29.7.        Seasonal adjustment begins with a preliminary process of identifying and removing outliers, adjusting for those calendar effects that are not stable in annual timing, and identifying an appropriate decomposition type. 

29.8.         Graphical analysis. Preliminary treatment of the data should begin with a graphical analysis of the series in order to identify potential problems with the data, select appropriate parameters, and determine how to perform the seasonal adjustment. Relevant preliminary graphical analysis should examine the length of the series, the presence of strange values, the structure of the series, the presence of possible breaks in seasonality, and the decompositions scheme. 

29.9.        Outliers. Since most seasonal adjustment methods use procedures and filters that are sensitive to outliers, these should be identified and removed before estimating the seasonal components. Outliers clearly due to errors in the data should be discarded. However, since outliers not due to error typically contain information about key events, these should be reintroduced into the data after seasonal adjustment. 

29.10.    Calendar effects. Calendar effects are regular effects that do not necessarily occur in the same month or quarter each year but that can be identified and removed from the series. These effects include holidays whose exact timing shifts systematically each calendar year and the variation in the number of times each day of the week occurs in a given month or quarter. These effects must be corrected for using standard seasonal adjustment tools, so as to prefent mis-specification of the model or a compromising of the overall quality of seasonal adjustment.

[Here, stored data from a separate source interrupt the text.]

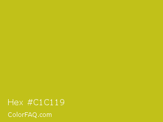 Hex #c1c119 Color is a normal yellow color and the nearest color is Key Lime Pie #bfc921. Hex code #c1c119 and RGB value is rgb(193,193,25). In RGB color space, this color is composed of 76% red, 76% green, 10% blue, In CMYK color space, this color is composed of 0% cyan, 0% magenta, 87% yellow , 24% black , In HSL color space, this color has a hue angle of 60° , 77% saturation and 43% lightness.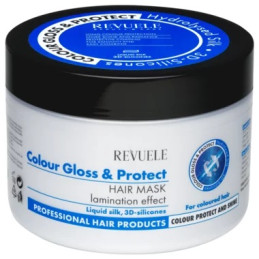 REVUELE COLOUR GLOSS & PROTECT plaukų kaukė, 500 ml Kaukė sukurta dažytiems plaukams prižiūrėti. Užtikrina ilgalaikę plauku spalvą ir suteikia plaukams spindesio. Padengia plaukus apsaugine plėvele. Palengvina šukavimą. Pasižymi laminavimo efektu. Sudėtis papildyta skystu šilku, 3D - silikonu.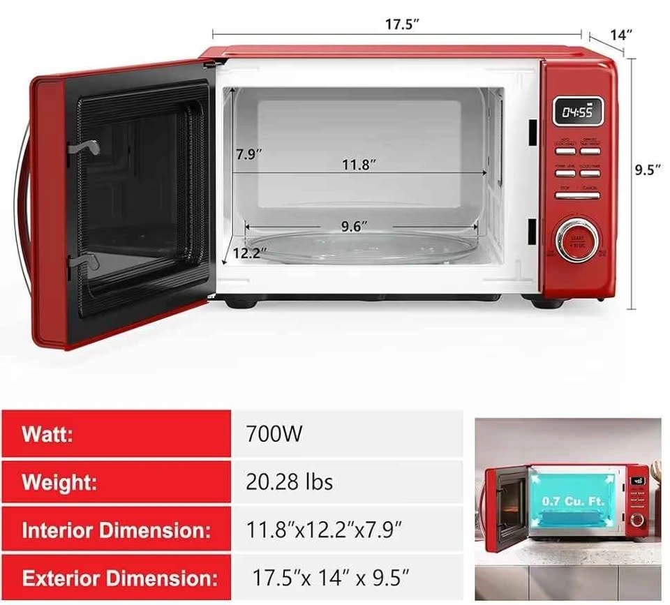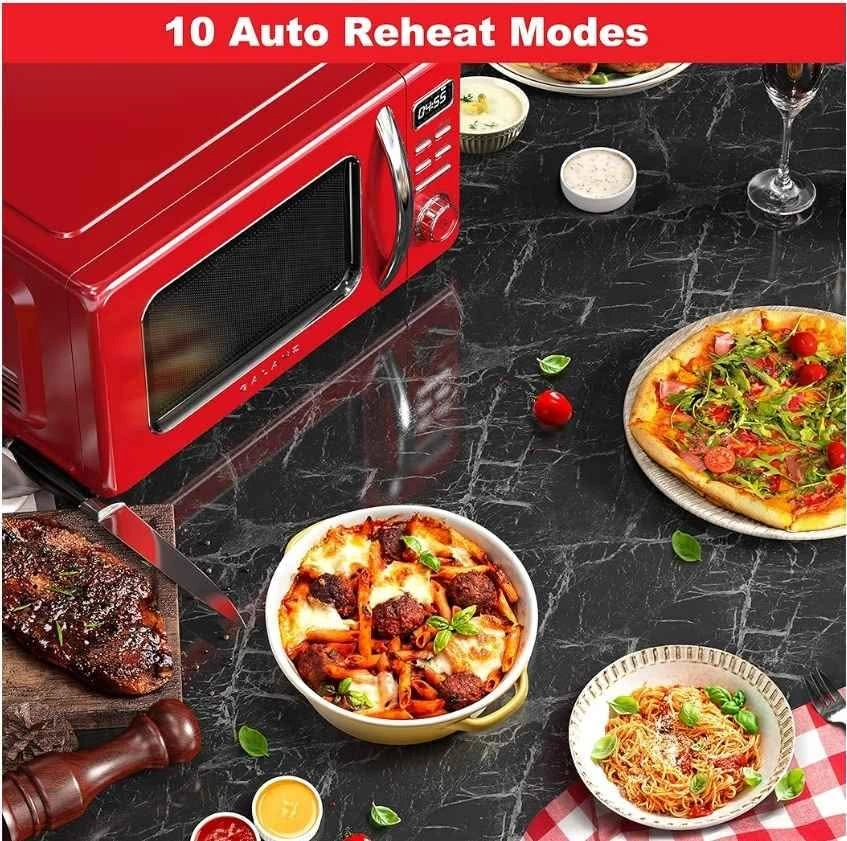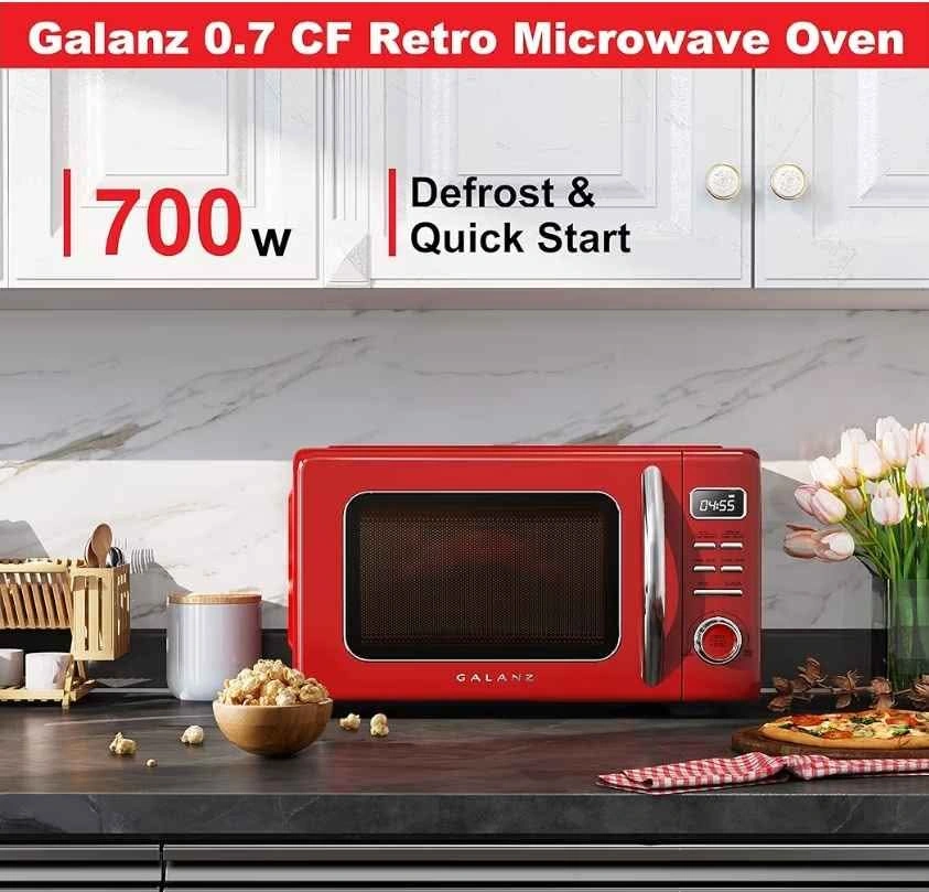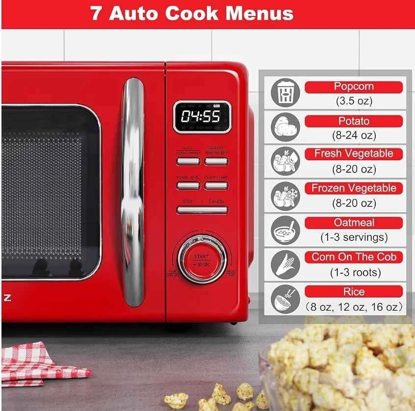 89Galanz GLCMKZ07RDR07 Retro Countertop Microwave Oven with Auto Cook & Reheat, Defrost, Quick Start Functions, Easy Clean with Glass Turntable, Pull Handle, 0.7 cu ft, Red

The decision to correct for other effects, such as temperature, school holidays or bridge holidays, should be made on a case-by-case basis. 

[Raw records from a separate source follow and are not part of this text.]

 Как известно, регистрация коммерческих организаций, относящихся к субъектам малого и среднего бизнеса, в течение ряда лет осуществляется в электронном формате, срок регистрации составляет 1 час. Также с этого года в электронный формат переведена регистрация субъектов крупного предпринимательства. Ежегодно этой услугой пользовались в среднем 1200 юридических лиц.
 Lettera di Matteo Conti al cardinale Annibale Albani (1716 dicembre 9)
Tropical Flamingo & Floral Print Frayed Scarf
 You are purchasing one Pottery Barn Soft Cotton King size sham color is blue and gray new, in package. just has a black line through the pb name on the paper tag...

29.11.    Decomposition. The decomposition scheme specifies how the trend-cycle, seasonal and irregular components combine to form the original series. Additive decomposition assumes that the components of the time series behave independently of each other. In particular, the size of the seasonal oscillations is independent of the level of the series. Multiplicative decomposition, often chosen by default in seasonal adjustment software packages, assumes that the components of the series are interdependent and thus that the size of the seasonal variation increases and decreases with the level of the series.